El último brote de Ébola detectado en diciembre pasado y reconocido en toda su gravedad el 24 de marzo de 2014 por la OMS, organismo que aún sigue en permanente estado de alerta, ha ocasionado, según los últimos datos, 1.748 muertos y más de 3.500 infectados. Países como Guinea, Liberia, Sierra Leona o Nigeria siguen aún —aunque en Europa ya casi se haya dejado de hablar de este tema— en plena crisis del Ébola. Este virus mortal está estrangulando, además, la frágil economía de estos países y acabando, prácticamente, con sus sistemas, siempre paupérrimos, de salud. Un dato escalofriante, que muestra a las claras la magnitud de lo que está sucediendo, es el que se refiere a cómo se están viendo afectados los sanitarios que trabajan con los enfermos de ébola. Según la OMS, al menos 220 sanitario han enfermado hasta ahora, de los que 130 ya han muerto.
Así las cosas, ¿qué hacer? Europa, está claro, en cuanto arma un “control eficaz” para que el virus no afecte a su población —que, como siempre, se asusta y se deja llevar por el miedo—, se olvida de estos países. O si no se olvida, baja su intensidad de actuación. José Luís Fernández Tonda, médico durante más de una década en Burundi y en otros países de la zona, estuvo en el Congo (antiguo Zaire) en los años 1995/96, cuando estalló el brote más virulento de Ébola que se conoce hasta ahora, con un 80% de mortalidad. Para él, todas las soluciones pasan por la prevención. “Y la base de toda prevención son la educación y la higiene”, explica desde Burundi, donde coordina un proyecto de salud de la cooperación suiza, el Swiss Tropical and Public Health Institute (Swiss TPH). “Y no jugar con los animales salvajes”, recalca con un tono cáustico, recordando que en África es frecuente matar y comerse a los monos y otros muchos animales sin ningún tipo de control veterinario. “Pero no por comer la carne de mono o de otro animal es por lo que se infecta uno de Ébola o cualquier otro virus, no. Es por manipularla en condiciones poco higiénicas, ya que cuando la cocinan la abrasan”, aclara.

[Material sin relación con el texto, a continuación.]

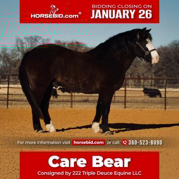 𝐉𝐀𝐍𝐔𝐀𝐑𝐘 ⭐️𝑨𝒍𝒍 𝑺𝒕𝒂𝒓 𝑳𝒊𝒏𝒆𝒖𝒑⭐️ Happening now thru MONDAY | JANUARY 26th - Available EXCLUSIVELY on HorseBid's website! For more details and to register visit: www.Horsebid.com CONSIGNOR CONTACT: 222 Triple Deuce Equine LLC 360-523-8090 LOCATION: Cisco, TX BREED: Quarter Pony REGISTERED: No REGISTERED NAME: Care Bear COLOR: Black HEIGHT: 13.3 AGE: 13 GENDER: Gelding Care Bear is a flashy black quarter pony gelding that is indeed a safe and trusty steed! Perfect size for novice adults or children. If you're looking for more whoa than go, this is your guy! Care Bear's favorite speed is a walk, with motivation, he will trot and lope! He is a great trail mount for riders who have absolutely zero experience. He will follow along and is not spooky or reactive! He can sit for months or even years and never get fresh; pull him out, and you can expect the same speed and demeanor he’s always had. Although he has no fancy buttons, he is worth his weight in gold when it comes to safety and dependability. Leadline deluxe or solo rides inside or outside the arena, Care Bear can get you there. Located in Cisco TX Current Negative Coggins & Health Certificate Shipping Available Nationwide 360-523-8090

Educación y más educación. Higiene. Programas integrales de salud pública... Lucha contra la corrupción y políticas rigurosas y de control de recursos por parte de los países ricos donantes... Esto es lo que necesitan estos Estados que viven en la más absoluta miseria y que por lo general tienen poco de Estados y menos de democráticos. Y no que desde el mundo acristalado y seguro de Occidente se les convoque, apabulle, se les invada como si llegara un tsunami cada vez que se declara una de estas pandemias... ¡Y luego se les olvide! Se les olvide hasta que otra vez vuelva el Ébola, la gripe A, la aviar o cualquier otro virus que se precie.
«Bastaría con que combatiesen la pobreza y acabasen con los gobiernos corruptos que campean a sus anchas en África y otras regiones», ¡pues no ha dicho usted nada, amigo mío!